Deux mois plus tard, c'est devenu 250 F CFA. Le problème, à chaque fois qu’il pleut, vous n’avez pas le courant pendant deux à trois jours. Il faut que l’électricien vient d’abord travailler avant le retour de l’énergie électrique », se désole-t-il. Parmi ceux qui choisissent de vivre en ville, certains s’abstiennent d’avoir l’énergie.

En dehors des locataires, le commerce du courant électrique par les propriétaires crée un manque à gagner aux agents immobiliers communément appelé « démarcheur », témoigne Sylvain qui exerce ce métier depuis plus de 10 ans à Cotonou.

« Des chambres restent sans preneur pendant plusieurs mois. J’ai un entrer-coucher sous la main à Sainte Rita qui est dans le cas. Le propriétaire a fixé les frais de l’énergie mensuel à 5 000f », expose le quinquagénaire.

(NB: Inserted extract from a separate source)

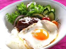 みんな大好きなロコモコ丼をおうちでも楽しみましょう。ごちそうサラダ2品もご紹介。女子会にもピッタリ☆

Dans les quartiers, la pratique est à l’origine de plusieurs différends, laisse entendre Jacob Gbètin, chef quartier de Zogbadjè, réticent à aborder la thématique. Il se souvient avoir renvoyé des victimes au commissariat. L’élu local dit ne pas vouloir se mêler de ces différends parce que « 99% des locataires n’ont pas loué leur chambre à partir d’un contrat ». Un document, qui selon lui, pourrait les aider à éviter le changement périodique de tarifs de l’énergie électrique.

La voix des consommateurs

Ernest Gbaguidi est le président de ‘’Bénin santé et survie du consommateur’’. Il condamne la commercialisation du courant aux locataires par les propriétaires. Pour ce responsable d’association de consommateurs, aucune raison ne peut expliquer la pratique.

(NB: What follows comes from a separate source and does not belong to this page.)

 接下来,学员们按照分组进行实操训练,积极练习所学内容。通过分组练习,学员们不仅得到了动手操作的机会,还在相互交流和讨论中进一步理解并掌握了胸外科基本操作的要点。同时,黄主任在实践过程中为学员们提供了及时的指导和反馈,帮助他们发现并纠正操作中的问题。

« L'énergie est un besoin indispensable de l’homme. Chaque propriétaire doit veiller à la disponibilité de l’énergie, de l’eau et de toilette avant de céder sa chambre », insiste ce défenseur des droits du consommateur. Le président de ‘’La voix des consommateurs’’, Robin Accrombessi, reproche, lui, aux propriétaires, « les coûts de services ». « On vend l’énergie à un coût qui part du double au quintuple et même plus parfois. Une arnaque bien organisée », dénonce Robin Accrombessi.

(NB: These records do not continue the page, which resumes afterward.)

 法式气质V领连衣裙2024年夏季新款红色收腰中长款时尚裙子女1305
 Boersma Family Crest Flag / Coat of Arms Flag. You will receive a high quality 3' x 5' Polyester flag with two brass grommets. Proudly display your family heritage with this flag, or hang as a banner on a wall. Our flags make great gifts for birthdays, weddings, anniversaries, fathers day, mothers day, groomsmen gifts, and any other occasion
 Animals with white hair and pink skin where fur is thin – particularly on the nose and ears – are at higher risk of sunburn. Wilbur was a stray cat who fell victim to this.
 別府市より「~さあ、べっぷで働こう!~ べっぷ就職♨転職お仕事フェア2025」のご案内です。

« L’Etat globalement est incapable d’observer le principe de l’énergie pour tous et donc les populations deviennent solidaires même dans l’inégalité en se permettant d’avoir l’énergie. Si cela n’était pas le cas, une bonne tranche de la population serait privée de ce droit d’avoir accès à l’énergie électrique », fait également constater le président de ‘’La voix des consommateurs’’.